Construction is strictly fallible: `from_hex(&str)`,
`TryFrom<&str>`, `TryFrom<String>`, `FromStr`, and the
`Deserialize` adapter all share the same `validate(&str)` ABNF
check. The decision is normative — a future contributor proposing
`From<String> for Sha256` for canonical-template consistency
should be referred to this section.
### NIST FIPS 180-4 oracle for raw-digest → hex tests (bd:JMAP-sf5h.8)
`from_borrowed_array_formats_canonical_lowercase_hex` and
`from_owned_array_delegates_to_borrowed_path` use the SHA-256 of
the empty string (`e3b0c4...b855`) hand-copied from NIST
FIPS 180-4 as the test oracle. The vector is **not** computed at
test time via `sha2::Sha256::digest()`. Doing so would close the
oracle loop: any nibble-ordering or character-table bug in the
`From<&[u8; 32]>` impl would emit the same wrong digest the test
expects, and the test would still pass. The independent oracle
catches that class of bug. The decision is workspace-policy
("Test oracles must be independent of the code under test" —
workspace AGENTS.md "Test Integrity").
### Extras-preservation policy (JMAP-lbdy)
The `CidCapability` struct, once it ships in a follow-up bead, will
carry the workspace's standard `extra` field per the
extras-preservation policy:
```rust
#[serde(flatten, default, skip_serializing_if = "serde_json::Map::is_empty")]
pub extra: serde_json::Map<String, serde_json::Value>,
```
`Sha256` is a newtype wrapping a single `String` value and is
**out of scope** for the extras policy per workspace AGENTS.md
(see "extras-preservation policy" → "Out of scope" → "Newtypes
wrapping a single value").
## History
- bd:JMAP-v9py is the parent epic ("Compliance sweep …
implement draft-atwood-jmap-cid-00").
- bd:JMAP-v9py.11 created the crate scaffolding.

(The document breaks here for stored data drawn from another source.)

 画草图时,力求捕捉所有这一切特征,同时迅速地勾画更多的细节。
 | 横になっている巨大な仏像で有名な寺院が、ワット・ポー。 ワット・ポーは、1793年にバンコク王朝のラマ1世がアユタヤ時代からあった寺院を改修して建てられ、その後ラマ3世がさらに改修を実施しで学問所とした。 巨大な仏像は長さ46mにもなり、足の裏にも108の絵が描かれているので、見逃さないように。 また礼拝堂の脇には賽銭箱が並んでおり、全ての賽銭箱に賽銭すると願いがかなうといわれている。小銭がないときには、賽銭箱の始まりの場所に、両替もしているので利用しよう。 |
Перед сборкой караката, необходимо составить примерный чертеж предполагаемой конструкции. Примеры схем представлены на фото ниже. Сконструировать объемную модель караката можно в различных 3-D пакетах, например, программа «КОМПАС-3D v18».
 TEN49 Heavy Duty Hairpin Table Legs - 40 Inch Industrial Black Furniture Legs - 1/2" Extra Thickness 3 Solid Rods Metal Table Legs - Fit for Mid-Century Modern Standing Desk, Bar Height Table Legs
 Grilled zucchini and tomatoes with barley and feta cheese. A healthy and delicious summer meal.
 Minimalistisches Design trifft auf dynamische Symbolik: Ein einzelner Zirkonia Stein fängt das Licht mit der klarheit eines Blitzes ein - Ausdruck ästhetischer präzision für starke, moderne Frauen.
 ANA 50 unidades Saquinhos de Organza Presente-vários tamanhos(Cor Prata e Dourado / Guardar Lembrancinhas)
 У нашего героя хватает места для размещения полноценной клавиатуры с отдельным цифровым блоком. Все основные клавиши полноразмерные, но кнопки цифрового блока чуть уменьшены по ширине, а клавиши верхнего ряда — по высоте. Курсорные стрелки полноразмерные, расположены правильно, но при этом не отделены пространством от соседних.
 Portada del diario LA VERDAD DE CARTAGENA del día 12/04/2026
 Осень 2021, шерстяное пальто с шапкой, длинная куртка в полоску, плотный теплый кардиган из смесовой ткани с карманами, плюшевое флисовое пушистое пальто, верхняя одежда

- bd:JMAP-v9py.12 added the `Sha256` typed shape with parse-time
ABNF validation.
- bd:JMAP-v9py.13 (closed 2026-05-13) wired the `Sha256` field
into the Blob upload response surface in `jmap-base-client`
(`crate-jmap-base-client/src/blob.rs:83`).
- bd:JMAP-v9py.14 (closed 2026-05-13) added the `supports_cid()`
Session advertisement detection in `jmap-base-client`
(`crate-jmap-base-client/src/request.rs:226`).
- bd:JMAP-sf5h is the post-landing review epic. Findings .11
(JMAP_CID_URI constant), .10 (per-variant non_exhaustive on the
parse-error enum), .4 (from_bytes → from_raw_digest rename),
.3 (serde_json → dev-dependencies), and .1 (this docs sweep)
closed in the same pass; remaining children track API-contract
forward-compat and idiom-pass findings.